Clinical signs and Patterns of Motor Control Impairment Flashcards
Where are motor movements controlled in the cortex
Frontal lobe executes movement.
What areas are involved in frontal love execution of movement and what is each area responsible for
1- Primary motor cortex ( M1 ) : large pyramidal neurons that travel down spinal cord and synapse with motor neurons
2- premotor cortes : organizes and sequences movements
3- Prefrontal and orbitofrontal : abstract planning and selecting a goal to tell premotor cortex the steps required to reach that goal
What are the lower motor neurons
Cell bodies within the anterior horn of spinal cord / brainstem.
Alpha motor neurons : voluntary muscle contraction, myosatic stretch reflex
OR
Gamma motor neurons: regulate muscle tone , maintain proprioception
The descending motor pathway can be divided into which two groups
1- Pyramidal tracts ( Direct )
2- Extrapyramidal tracts ( Indirect )
Explain the descending Pyramidal Corticospinal motor pathway ( 6 steps )
1- Corticospinal tract begins at cortex and receives input from primary , premotor and supplementary areas
2- Neurones descend through internal capsule ( between he thalamus and basal ganglia )
3- Neurone then passes through the crus cerebra of midbrain, the pons and into the medulla
4- in the inferior part ( caudal ) of the medulla and then divides into 2 tracts
5- Lateral corticospinal tract crosses over at the medulla and then descends into spinal cord.
Anterior corticospinal tract stays ipsilateral and descends in the spinal cord.
6- Lateral tracts terminates at ventral horn and then synapses with lower motor neurons.
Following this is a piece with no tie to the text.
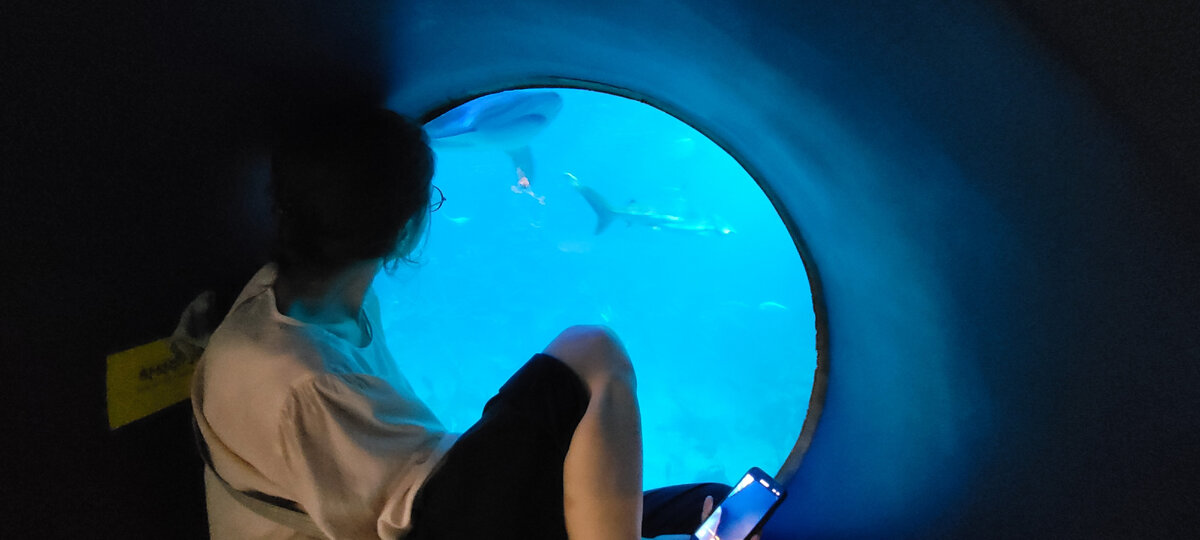 Этот самый большой аквариум интересен тем, что, двигаясь по маршруту в океанариуме (а там, как и Икее, обозначен стрелочками рекомендуемый маршрут), ты заглядываешь в него из разных точек. Есть, например, вот такие блистеры (тот же приём, что и в жилище пингвинов, только немного иначе реализованный). Можно туда голову засунуть, можно камеру, можно целиком залезть, чтобы поближе к рыбкам оказаться - размер позволяет. Не только люди разглядывают рыб. Рыбы тоже хотят понять, кто это там такой любопытный их разглядывает? Есть прозрачный подводный коридор. Очень прикольно, когда у тебя над головой акула здоровая проплывает. Или скат. Но на финише - зрелище ещё интереснее. Зал, похожий на зал кинотеатра. Кресел нет, по пол ступенчатый. Реально на кинозал похоже. И первым делом (из-за этого сходства с кинозалом, очевидно) приходит в голову мысль: "Ну вот нафига здесь было экран делать? Глупость какая - в океанариуме кино крутить! Лучше на живых рыб посмотреть.". А потом понимаешь, что это со

Anterior tract terminates at ventral horn of Cervical and upper thoracic levels.
7- signals carried to musculature of the body except face and neck
What is the clinical importance of the internal capsule of the pyramidal motor pathway
Internal capsule susceptible to compression from haemorrhage bleeds ( capsular strokes ) which could result in lesion of descending tracts
Explain he Corticobulbar tract motor pathway
1- Arises from lateral aspect of primary motor cortex
2- receive same input as the corticospinal tract
3- pass through internal capsule to the brainstem
4- neurons terminate on motor nuclei of cranial nerves
5- synapse with lower motor neurones that carry signals to face and neck
Where do the extrapyramidal tracts originate
Brainstem
What are extrapyramidal tracts responsible for
involuntary and automatic control of musculature ex: muscle tone, balance, posture , locomotion
What are pyramidal tracts responsible for
Voluntary control of the musculature of the body and face
What are the 4 extrapyramidal tracts
1- Vestibulospinal
2- Reticulospinal
3- Rubrospinal
4- Tectospinal
Explain the Vestibulospinal tract motor pathway
- 2 pathways : medial and lateral.
- arise from vestibular nuclei that receive input from organs of balance
- remains ipsilateral and tract conveys balance info to spinal cord
Control balance and posture by innervating anti-gravity muscles via lower motor neurons ( arm flexors/leg extensors )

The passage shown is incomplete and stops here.